-GORILLA, MANCHESTER-
Not an awful lot has come out of Sunderland apart from my Grandpa, the fabulous Andy Dawson from the Athletico Mince podcast and St Bede, the monk. To that list we have now been able to add Field Music. Ostensibly formed of the Brewis brothers – David and Peter – by the time their numbers have swollen to encompass all corners of their live set-up, you worry someone’s going to fall off the stage at Gorilla, so little wriggle room remains for each of them.
The Everly brothers… the Gallaghers… name a musical outfit based around brothers and you will imagine the two of them, stage front, side by side. Field Music are different.
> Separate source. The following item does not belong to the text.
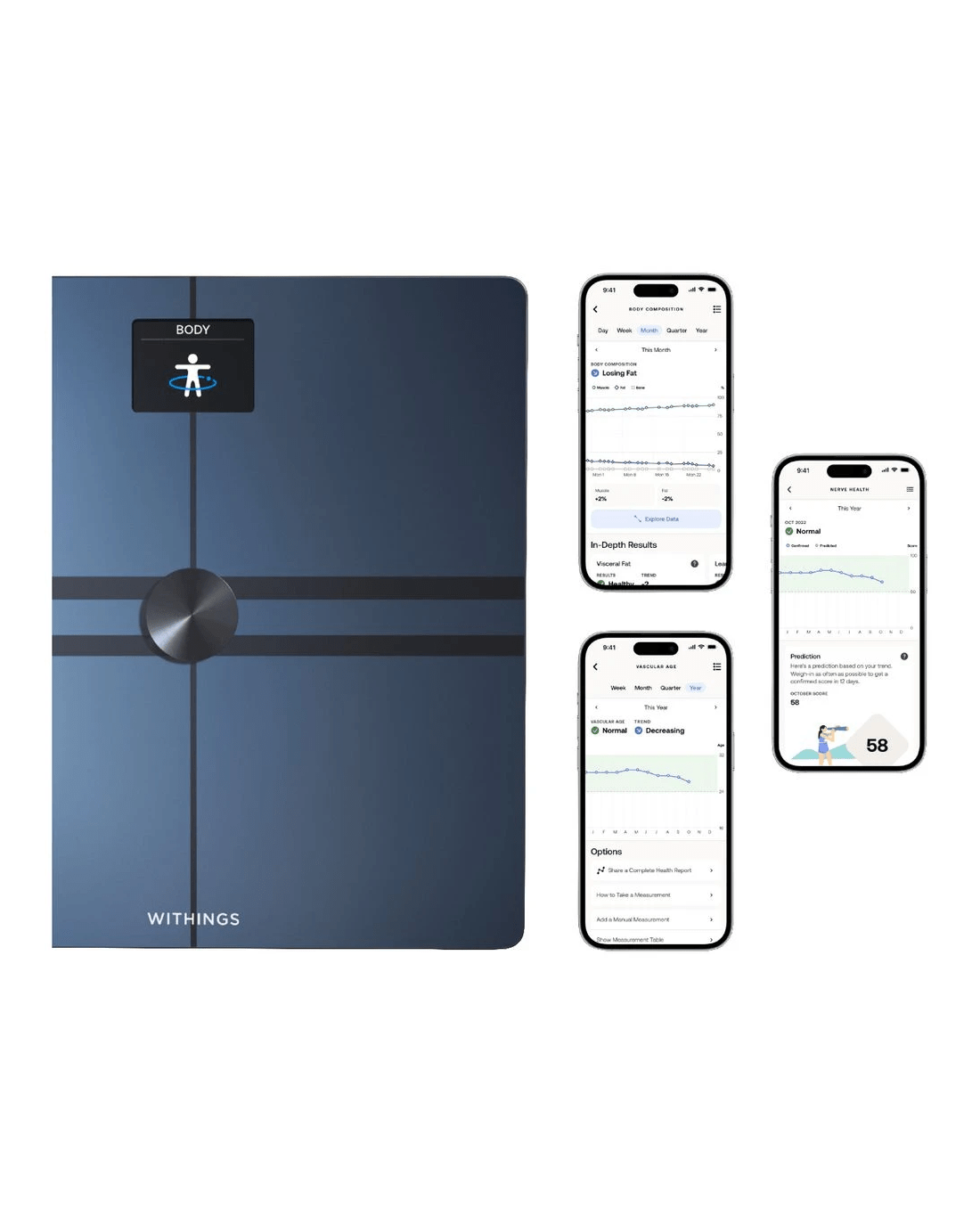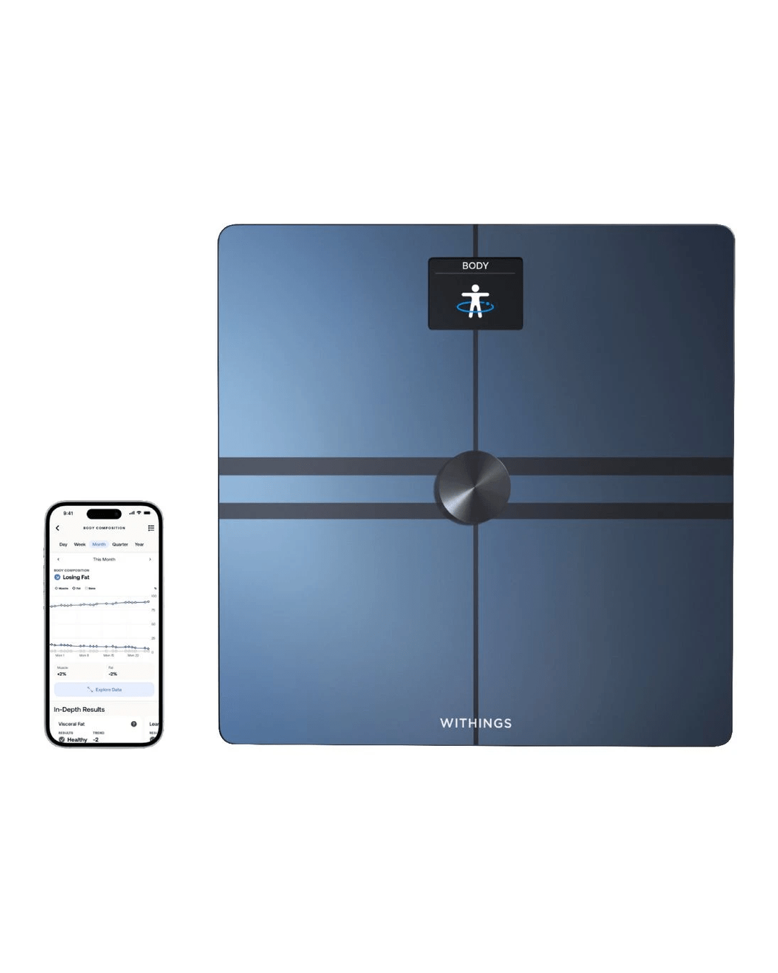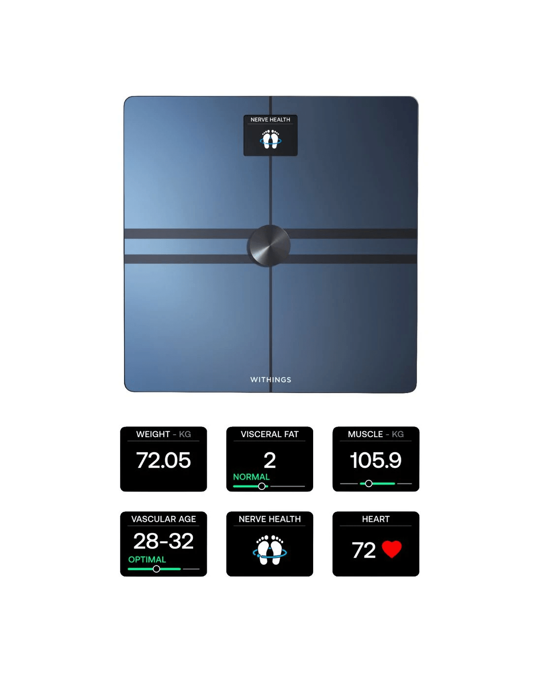 This Withings Body Comp Scale lets you track your health and fitness journey thanks to precise weight measurements, advanced body composition metrics, cardiovascular insights and a nerve health assessment. This smart scale connects to the Withings app for a complete health experience that helps you create routines to improve your wellness. Its multi-frequency bioimpedance analysis provides precise body composition metrics including visceral fat so you’ll know where to focus your health efforts.
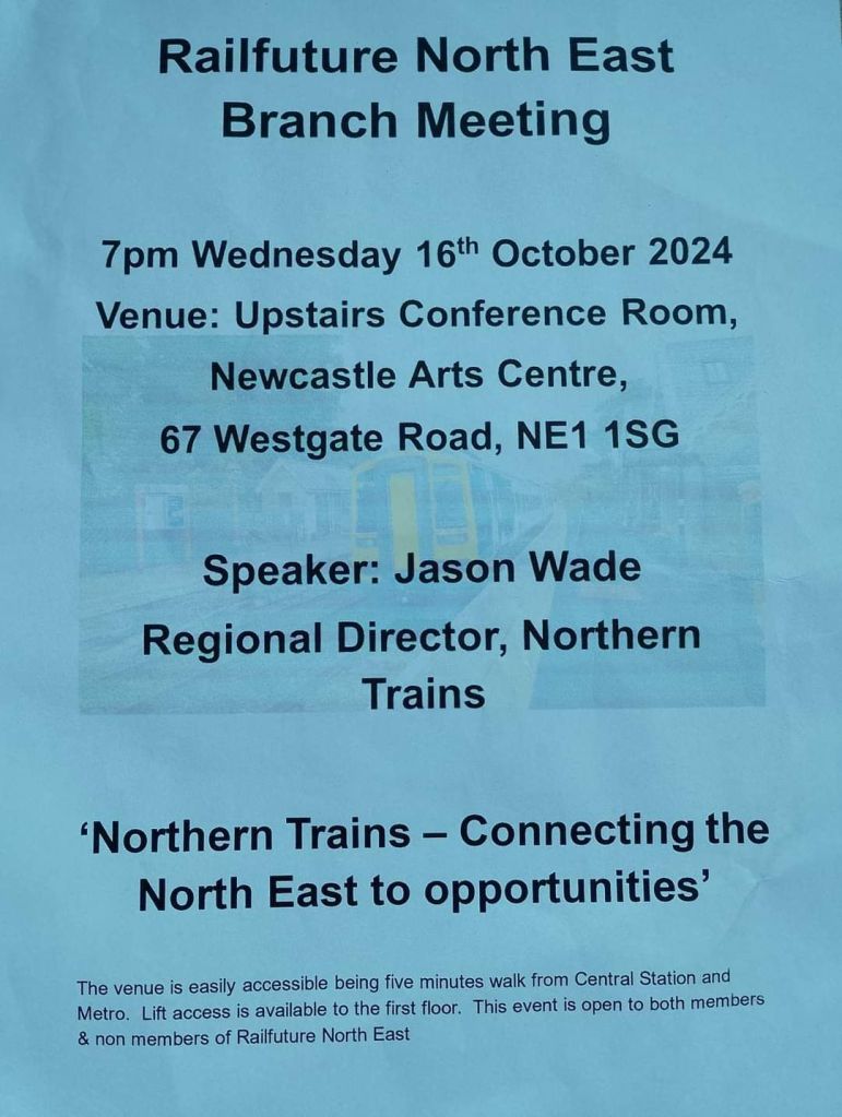 A third approach was made to Jason Wade of Northern Trains at the recent Railfuture North East Branch meeting on Wednesday 16th October 2024, questions being put forward by a fellow committee member as I couldn’t attend in person that evening.

The Brewis brothers form a spine to the band, single file: one on drums at the back, the other directly in front, playing guitar and singing. And then, a few tracks in, they swap, with little to no impact on the sound. And then they swap back, like tag-team wrestlers, only in tweed. If you wanted to nitpick you might argue David is the better drummer, Peter the more accomplished singer and guitarist… but then who wants to nitpick when there are Russians roaming our streets with stronger chemicals than even the Gallaghers ever had.
Having seemingly disbanded, the band re-banded for the album Open Here, released earlier this year. It’s a solid affair, building on 2016’s Commontime, which I have on heavy Spotify rotation. How to define their sound? They seem to point in many directions, sonic synonyms that link at times to The Leisure Society, Peter Gabriel… and for my companion for the evening, Roxy Music. Certainly there is something quirky, perhaps 80s-y, to their whimsical, folksy, indie melodies. So at times they nod to a band like Talking Heads, or They Might Be Giants… at others they sound in a field of their own.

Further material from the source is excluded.